Methods: We will recruit 54 patients who have recently completed curative therapy for cancer (any type) in person and remotely. They will be randomized 2:1, POSTHOC:usual care (unblinded). Those randomized to the POSTHOC group will receive their SCP via the app and will choose to focus on nutrition or exercise for the duration of the study based on their individual plan and personal preferences. Those randomized to the control group will get a paper-based plan. At baseline, 6 weeks, and 12 weeks, we will evaluate patient-reported outcomes, including total symptom burden (web-based questionnaire), diet (24-hour Automated Self-Administered [ASA24]), and physical activity (Fitbit Charge 6 [Google LLC]). We will also collect quantitative and qualitative feedback on the usability of the app from those in the POSTHOC arm to improve the app for future implementation studies, with a specific focus on patient-provider communication. For feasibility, we will calculate the percentage of patients who used the POSTHOC app at least 3 times per week. We will use linear mixed models to evaluate the effects of the POSTHOC app versus those of usual care on other outcomes at weeks 6 and 12.
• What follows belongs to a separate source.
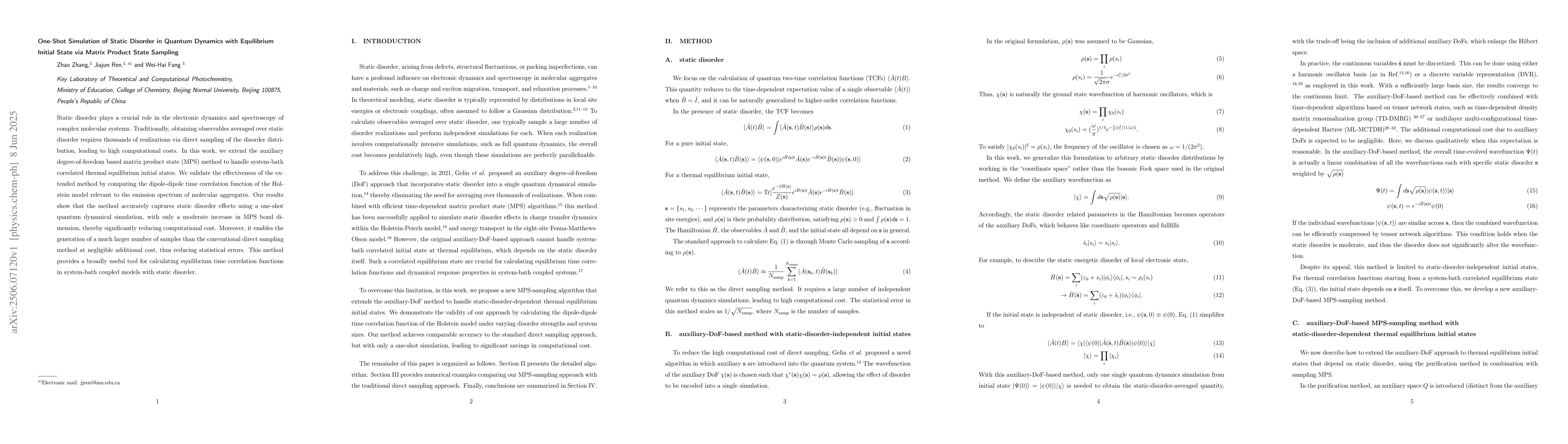 Researchers developed a new method to simulate quantum dynamics with static disorder, reducing computational costs by 90% compared to traditional methods. This approach enables accurate capture of disorder effects in molecular systems using one-shot simulations.

Results: This trial is open to accrual in the University of Maryland Medical System as of March 2024, and as of July 3, 2024, a total of 20 participants have consented.
Conclusions: This study is among the first to digitize the SCP in a mobile app and test the effects of a mobile health-delivered behavioral health intervention on symptom burden in cancer survivors. Our results will provide evidence about the effects of health self-management on symptoms. This knowledge will be integral to larger randomized controlled studies, integration with the electronic medical record, and nationwide implementation.
Trial registration: ClinicalTrials.gov NCT05499663; https://clinicaltrials.gov/ct2/show/NCT05499663.
International registered report identifier (irrid): DERR1-10.2196/59222.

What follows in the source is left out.